Monday 28 September 2009


KM failure stories number 5 - choosing the wrong tool



felt tools
Originally uploaded by CREEPETZ
This is the story of a medium sized company that wanted to start KM.

They looked around at what others were doing, read the books, bought the magazines, and decided that Shell were one of the leaders to emulate. One of the core components of Shell's KM model is it's communities of practice, which use online question and answer forums to share knowledge around the globe.

The company decided to copy this, and to introduce online question and answer forums. Now already you can see a few warning signs - you cannot assume that communities of practice alone will deliver KM (Shell has many more tools in its KM toolbox*), and secondly you cannot assume that the technology alone will deliver the communities. So perhaps it was unsurprising that the community forums remained almost completely unused.

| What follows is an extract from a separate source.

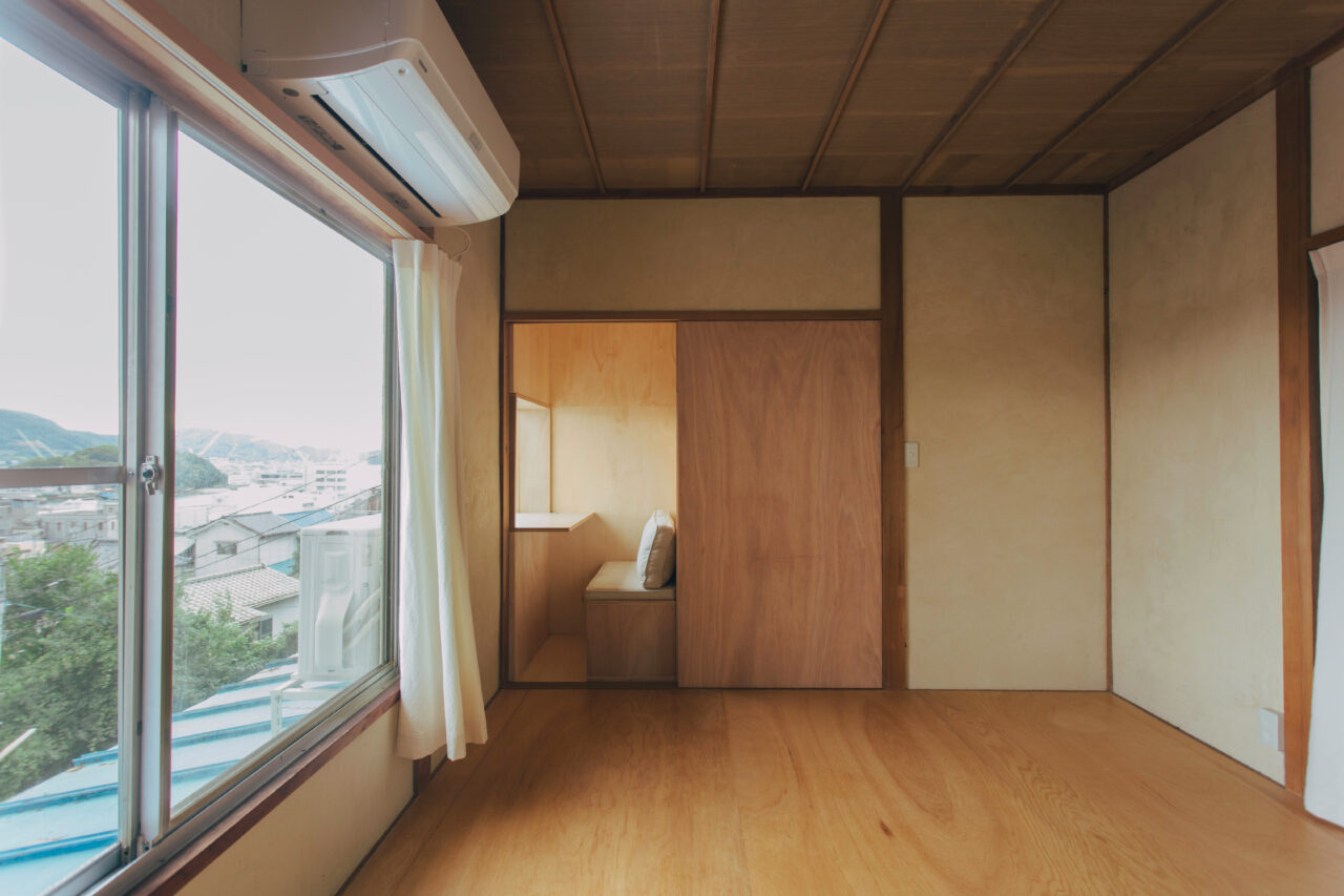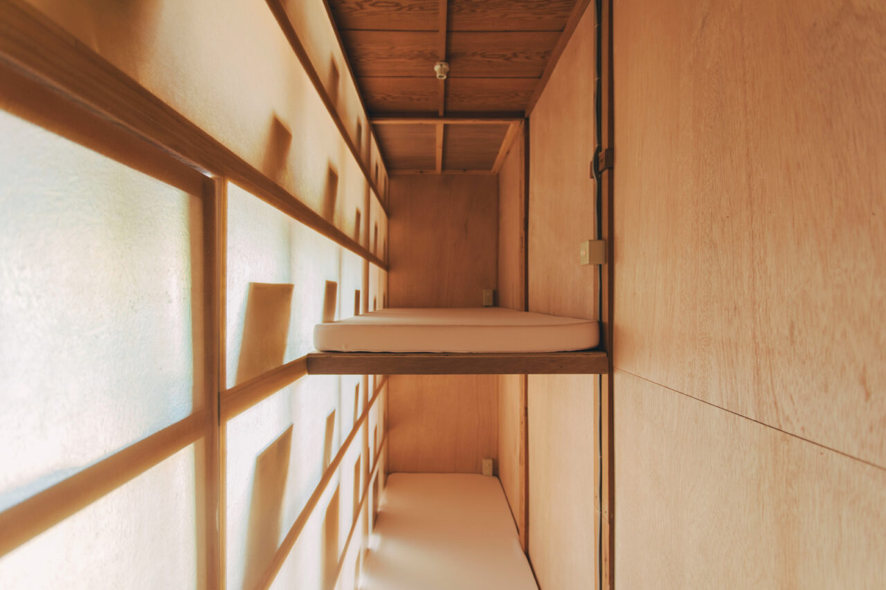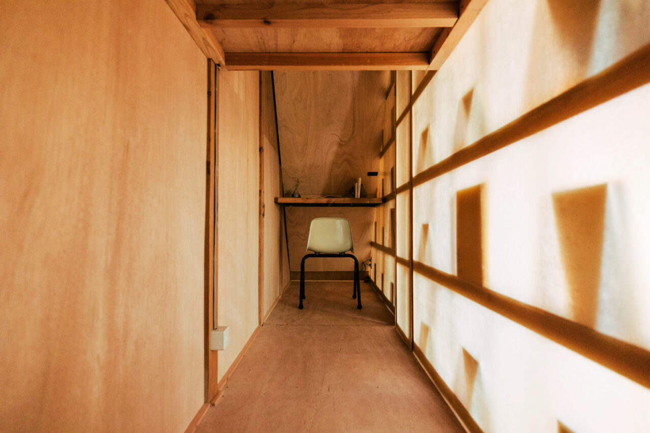 本が生活の空間に溶け込むように、本棚とドミトリーの空間は透過性のあるパーテーションで仕切られ、本の存在がどの場所からも感じられるように心掛けた。

But there were other issues as well. Shell's communities are spread around the globe; this company had all its staff in a single office. Shell's community staff could only interact virtually; in this company they could talk, they could visit each others offices, and they could talk to their colleagues if they had a problem. Shell is a multilingual organisation, and an English Language forum made sense; in this company, although their forum was in English, the staff all spoke their native language, making it far easier to talk verbally in their native language, than communicate through the forum in written English.

I am pleased to say that this company very quickly realised that they had made a false start, and rethought their strategy, deciding instead to implement a full set of KM processes, tailored to their own context. But it's a lesson worth learning - there is no one-size KM solution. Although there are a set of universal principles, the solution you create and the toolset you adopt must be designed around your own needs.

1 comment:

Anonymous said...

Good post - I face the same issue too. Started online forum for customer input, but everyone complains that the customers aren't using it. I have tried to push the idea that 'we' need to start the discussions going and that will engage the customers. Kind of like starting a support group with everyone sitting around looking at one another - the leader has to instigate discussion by creating an environment where people can feel included and safe.